General

Small Balls: Friday June 27, 2008

La première étoile: Everyone wearing a Minnesota Twins uniform. Left for dead by pre-season prognosticators, Justin Morneau and the boys are the hottest team in the majors, with nine straight wins and a chance to take over first place in the AL Central by the end of the night. In the age of Moneyball, nobody, not even the Oakland A’s, tops the Twins when it comes to getting the most out of low-paid talent. Johan Santana is probably wishing he stuck around for one more year.

Two minutes for… cheating like a Bulgarian weightlifter. To the Bulgarian weightlifting team, which was forced to withdraw from the Beijing Olympics after 11 members (eight men and three women) tested positive for steroids. One official said it’s “theoretically possible” that all 11 athletes ingested the illegal substance by accident—or by sabotage—but the country’s weightlifting federation wasn’t taking any chances. They decided it was best to pull the plug before something else got pulled.

Who’s got tickets? To Todd Bertuzzi’s wake. The Anaheim Ducks have placed the glorified thug on unconditional waivers after only one season in sunny California (14 goals, 26 assists in 68 games). Oh, how the mighty duck has fallen. There was a time, not long ago, when every NHL team daydreamed about having big bad Bert in its line-up. Not anymore. Somewhere, Steve Moore is smiling.

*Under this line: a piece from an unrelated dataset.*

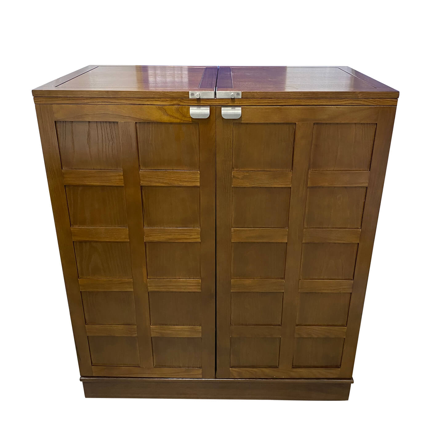 Made of American ash wood with a walnut stain. Stainless steel fittings Casa Ligna Opens to a 6 foot bar on wheels.

Fun police: Despite what the sports pages like to tell us, very few athletes deserve the “hero” label. Jackie Robinson is the rare exception. What he did in 1947—breaking baseball’s colour barrier—was heroic in every sense of the word. But as much as he was a trailblazer for an entire race, when it came to baseball, Jackie wanted nothing more than to be remembered as a great player—not a great black player. And he made that clear to the sportswriters: If you vote me into the Hall of Fame, do it on the basis of my talent, not my colour. When he was later elected, Robinson didn’t even want his official plaque to mention that he was the first African-American major leaguer. The Hall obliged, and it stayed that way for 46 years. Until this week, when Cooperstown unveiled a new bronze plaque complete with this final phrase under Jackie’s face: “Displayed tremendous courage and poise in 1947 when he integrated the modern major leagues in the face of intense adversity.” Robinson’s widow, Rachel, said her late husband would appreciate the change, even though he wanted no such thing when he was still alive. “I don’t think he would object to it,” she said. “I think he would understand it … It’s an evolution.” Robinson’s epic accomplishment is well-documented and well-celebrated. His No. 42 has been retired league-wide, and every April the sport commemorates Jackie Robinson Day. But his plaque should have stayed the way it was. It symbolized the essence of his fight: that any man, black or white, could not only play the game, but be the best at the game.

Extra bases: Dave Feschuk of the Toronto Star has a stylish take on the TJ Ford-for-Jermaine O’Neal deal…Thankfully, Raptors GM Bryan Colangelo didn’t trade TJ for Shawn Chacon…And if you were glued to last night’s NBA draft, a friendly reminder that some of those picks will soon disappear.